What is the derivative of the expected value of a continuous random variable?
Solution 1:
I believe what you need is a direct application of Leibniz's Rule. It requires continuity on the integrand and its partial derivative, so I believe that distributions can be constructed in which this does not hold (though perhaps such cases can be handled by the measure-theoretic formulation).
Solution 2:
The question is why $M'(t_0) = E(Xe^{t_0X})$. To answer that, it is reasonable to assume that $M$ is finite and bounded in a neighborhood of $t_0$, say $(t_0-\epsilon, t_0+\epsilon)$. Consider $h_n$ a sequence that goes to $0$ as $n\to \infty$ and note that
$$\frac{M(t_0+h_n)-M(t_0)}{h_n} = E\left(e^{t_0X}\frac{e^{h_nX}-1}{h_n} \right)$$
To conclude it suffices to prove that $\displaystyle \lim_n E\left(e^{t_0X}\frac{e^{h_nX}-1}{h_n} \right) =E(Xe^{t_0X}) $.
By definition of the derivative, $\displaystyle e^{t_0X}\frac{e^{h_nX}-1}{h_n}$ converges pointwise to $Xe^{t_0X}$, so it suffices to dominate it.

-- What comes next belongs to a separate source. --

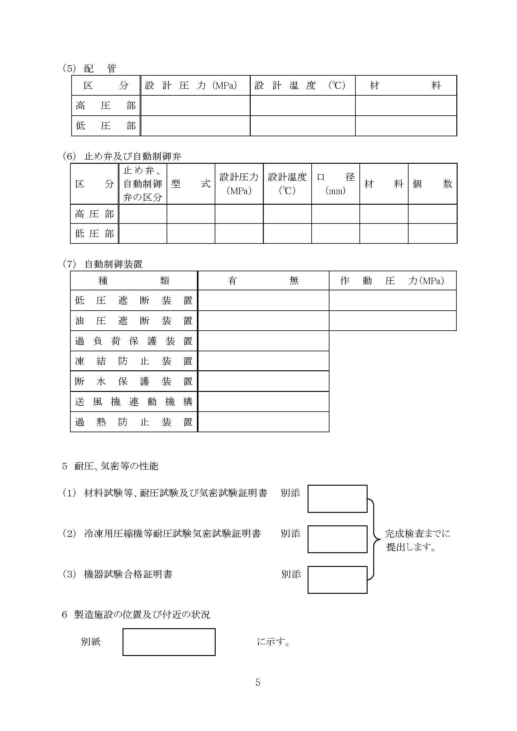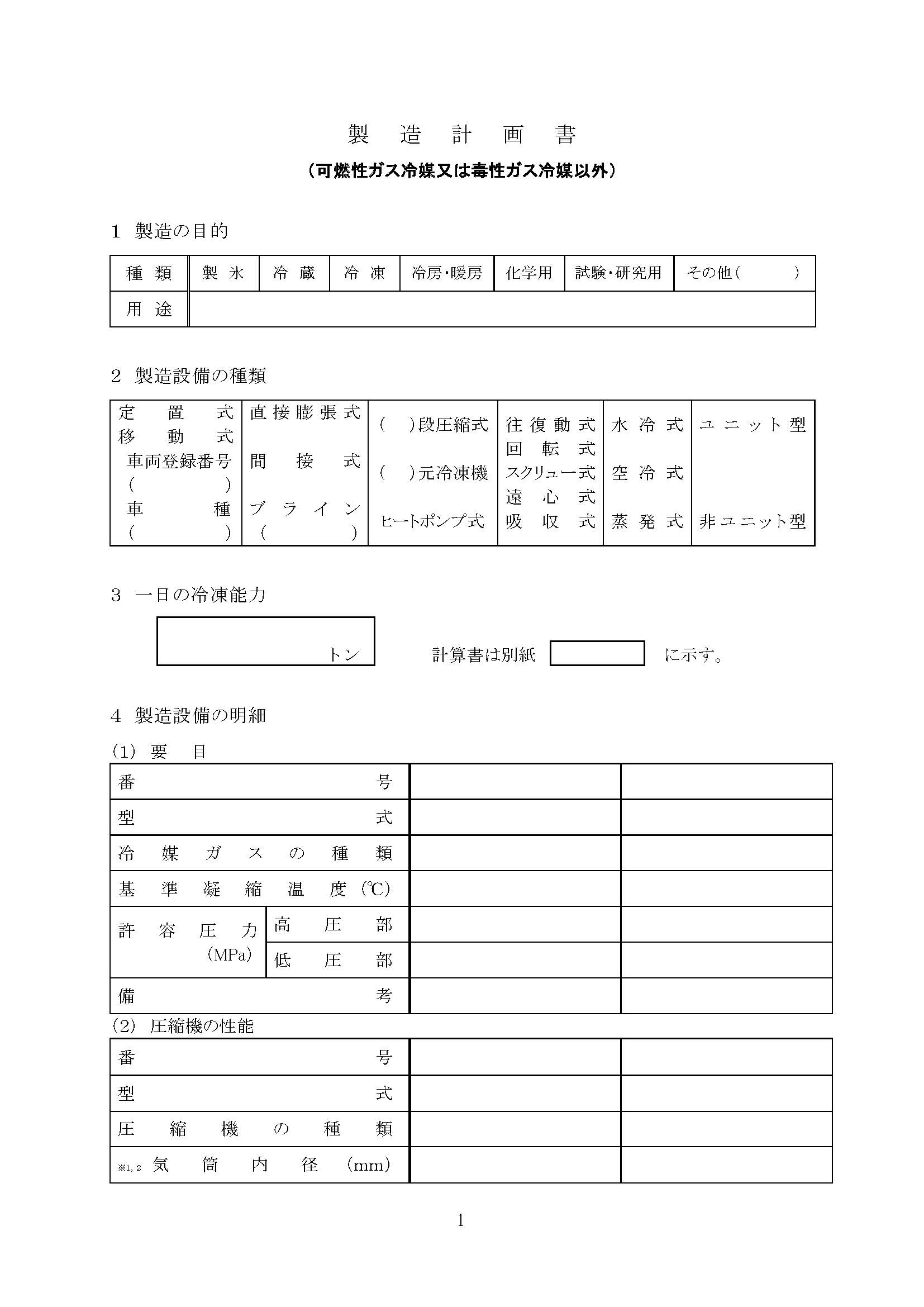 高圧ガス製造許可に係わる製造計画書 (ⅰ)可燃性ガス冷媒又は毒性ガス冷媒以外

Note that $$\forall h\in \mathbb R, \forall x\in \mathbb R, \left|\frac{e^{hx}-1}{h}\right| = \left|\int_0^x e^{hu}du\right|\leq |x|e^{|hx|}\leq |x|(e^{-hx}+e^{-hx})$$
hence $$\left|e^{t_0X}\frac{e^{h_nX}-1}{h_n}\right|\leq |X|(e^{(t_0-h_n)X}+e^{(t_0+h_n)X})$$
Let $N$ be such that $n\geq N\implies |h_n|\leq \frac \epsilon 2$. Note that there exists some $A_\epsilon>0$ such that $$|x|\geq A_\epsilon \implies |x|\leq e^{(\epsilon/ 2) |x|}$$ so that $\forall x\in \mathbb R, |x|\leq A_\epsilon + e^{(\epsilon/ 2) |x|}\leq A_\epsilon + e^{-(\epsilon/ 2) x}+e^{(\epsilon/ 2) x}$.
For $n\geq N$, $$\begin{aligned} |X|(e^{(t_0-h_n)X}+e^{(t_0+h_n)X}) &\leq (A_\epsilon + e^{-(\epsilon/ 2) x}+e^{(\epsilon/ 2) x})(e^{(t_0-h_n)X}+e^{(t_0+h_n)X})\\ &= A_\epsilon (e^{(t_0-h_n)X}+e^{(t_0+h_n)X}) \begin{aligned}[t]&+ e^{(t_0-h_n-(\epsilon/ 2))X} + e^{(t_0-h_n+(\epsilon/ 2))X}\\ &+e^{(t_0+h_n-(\epsilon/ 2))X} +e^{(t_0+h_n+(\epsilon/ 2))X}\end{aligned} \end{aligned}$$
By the assumption that $M$ is bounded on $(t_0-\epsilon, t_0+\epsilon)$ and the previous bound, we get the domination needed to apply the dominated convergence theorem.
So $$M'(t_0) = E(Xe^{t_0X})$$
Solution 3:
Actually, the reason is that both the operators ${d\over dt}$ and $\int$ are linear operators over the functions space which we will recall as $F$. The reason is easy. For the derivative operator we have $$\forall f_1,f_2\in F\quad,\quad {d\over dt}(af_1+bf_2)=a{d\over dt}f_1+b{d\over dt}f_2$$and for the integral $$\int_X af_1+bf_2=a\int_Xf_1+b\int_Xf_2$$
The general result is that
$$\text{Any two linear operators can be swapped over the operands.}$$
The concept of expected value
As intuition says, to obtain a simple average from a set of data, we sum the data up and divide the result over their total number. Say, the data $\{x_1,x_2,\cdots ,x_n\}$ are given. The average of these data, which we denote by $\bar x$, becomes$$\bar x={1\over n}\sum_{i=1}^{n}x_i$$similarly for a continuous data such as a function like $g(x)$, the average over an interval $[a,b]$ becomes $$\bar g={1\over b-a}\int_a^b g(x)dx$$as long as the integral exists and is bounded.
To some reasons, one subset of data matters to us more than the others so as they must also be more determining in the total average. To respect this case, we define a weighted average with a weight function $f(x)$ to apply to $g(x)$. The weighted will then become$$\bar g_w=\int_a^b{g(x)f(x)dx}$$where$${\int_a^b f(x)=1\\f(x)\ge 0\quad,\quad x\in [a,b]}$$The mathematical expectation of a function $g(x)$ under the PDF of a random variable is then defined as $$E\{g(x)\}=\int_Xg(x)f(x)dx$$where the PDF $f(x)$ actually determines which parts of $g(x)$ matter more and which matter less.